Synthetic Route of 889676-37-3 ,Some common heterocyclic compound, 889676-37-3, molecular formula is C6H5BrN2O, its traditional synthetic route has been very mature, but the traditional synthetic route has various shortcomings, such as complicated route, low yield, poor purity, etc., below Introduce a new synthetic route.

5-methoxybenzofuran boronic acid (1.2 mmol), 6-bromonicotinamide (1.0 mmol), Pd(PPh3)2Cl2 (0.024 mmol) and NEt3 (317 muL) were mixed in EtOH (10 mL) in a 20 mL microwave vial. The mixture was stirred at 140 C. for 10 min in a microwave reactor. The mixture was filtered, the obtained precipitate was washed with water and EtOAc and dried under vacuum to afford the title compound (85 mg). 1H NMR delta ppm 9.14 (d, 1H) 8.42 (dd, 1H) 7.97-8.25 (m, 2H) 7.63-7.80 (m, 2H) 7.58 (d, 1H) 7.22 (d, 1H) 6.98 (dd, 1H) 3.81 (s, 3H); MS m/z 269 (M+H).

In the field of chemistry, the synthetic routes of compounds are constantly being developed and updated. I will also mention this compound in other articles. 889676-37-3, 6-Bromonicotinamide, other downstream synthetic routes, hurry up and to see.

Reference:
Patent; AstraZeneca AB; US2008/221149; (2008); A1;,
Pyridine – Wikipedia,
Pyridine | C5H5N – PubChem

Adding a certain compound to certain chemical reactions, such as: 73870-24-3, 4-(Bromomethyl)pyridine hydrobromide, can increase the reaction rate and produce products with better performance than those obtained under traditional synthetic methods. Here is a downstream synthesis route of the compound, SDS of cas: 73870-24-3, blongs to pyridine-derivatives compound. SDS of cas: 73870-24-3

Will contain compound 16 (150 mg, 0.386 mmol), Potassium carbonate (138 mg, 1.0 mmol), 4-bromomethylpyridine hydrobromide (102 mg, 0.403 mmol) the mixture with DMF (5 mL) was stirred at room temperature overnight.Water (20 mL) was added and extracted with ethyl acetate (20 mL¡Á3).The combined organic phases were washed sequentially with water (15 mL) and brine (15 mL). Dry over anhydrous sodium sulfate. Evaporate the solvent under reduced pressure.The product is purified by column chromatography (200-300 mesh silica gel,Ethyl acetate: dichloromethane = 1:1 to 10:1 elution),2-[4-Methoxy-3-(pyridin-4-ylmethoxy)-phenyl]-5,7-bis(methoxymethoxy)-4H-benzopyran-4-one (17) (144 mg).The yield was 77.8%.

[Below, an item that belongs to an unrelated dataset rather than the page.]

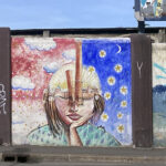 Außer am Messe-Mittwoch, meinem Abreise-Tag, an dem die Busse streiken. Da visualisiere ich eine leichtfüßige Petra Albers, denn von der Verlagsleiterin des Beltz Kinder- und Jugendbuchs wird erzählt, dass sie immer schon zu Fuß aus der Stadt zu den Ausstellungshallen gelaufen ist. Ich stelle sie mir natürlich ohne meinen Koffer und meine Kamera-Tasche vor, und siehe da, auch ich schaffe den Weg und bestaune nebenbei noch Malereien auf der Brücke über die Bahnhofsgleise. Das soll uns die KI erstmal nachmachen.

At the same time, in my other blogs, there are other synthetic methods of this type of compound,73870-24-3, 4-(Bromomethyl)pyridine hydrobromide, and friends who are interested can also refer to it.

Reference:
Patent; Jiangsu Xin Element Pharmaceutical Technology Co., Ltd.; Shi Dongfang; Fu Changjin; Cheng Xi; Gong Weiwei; Gu Jie; Zhang Min; Li Pengfei; Yang Yan; Jin Wenqing; (57 pag.)CN110294732; (2019); A;,
Pyridine – Wikipedia,
Pyridine | C5H5N – PubChem

Related Products of 54916-66-4, As we all know, there are many different methods for the synthesis of a compound, and people can choose the synthesis method that suits their own laboratory according to the actual situation. 54916-66-4, name is 5-Bromo-2-methoxynicotinic acid, molecular formula is C7H6BrNO3, The compound is widely used in many fields, so it is necessary to find a new synthetic route. The downstream synthesis method of this compound is introduced below.

To a solution of 5-bromo-2-methoxynicotinic acid (5 g, 22 mmol) in dichloromethane (75 mL) was treated with Oxalyl dichloride (10 ml) by dropwise at 0 C, then the mixture was stirred at R.T. for 4 hours. A mixture of Ice- H3.H20 was poured into the react solution within an ice-bath and stirred at 0 C for more 10 min and filtered, the filter cake was dried to provide 5-bromo-2-methoxynicotinamide (4.7 g, yield: 94.4%). 1HNMR (400MHz, CDCI3) delta 8.45 (d, J= 2.4 Hz, 1H), 8.20 (d, J= 2.4 Hz, 1H), 7.78 (br, 2H), 3.94 (s, 3H). MS (M+H)+: 231 / 233.

While traditionally a conservative industry, chemical producers will need to modernize their PR strategies to stay relevant.we look forward to future research findings about 54916-66-4, 5-Bromo-2-methoxynicotinic acid.

Reference:
Patent; MERCK SHARP & DOHME CORP.; MCCOMAS, Casey Cameron; LIVERTON, Nigel J.; HABERMANN, Joerg; KOCH, Uwe; NARJES, Frank; LI, Peng; PENG, Xuanjia; SOLL, Richard; WU, Hao; PALANI, Anandan; HE, Shuwen; DAI, Xing; LIU, Hong; LAI, Zhong; LONDON, Clare; XIAO, Dong; ZORN, Nicolas; NARGUND, Ravi; WO2013/33971; (2013); A1;,
Pyridine – Wikipedia,
Pyridine | C5H5N – PubChem

Electric Literature of 175422-04-5, Researchers who often do experiments know that organic synthesis is a process of preparing more complex target molecules from simple raw materials through one or more chemical reactions. Generally, it requires fewer steps,and cheap raw materials. 175422-04-5, name is 2,6-Dibromo-4-nitropyridine. A new synthetic method of this compound is introduced below.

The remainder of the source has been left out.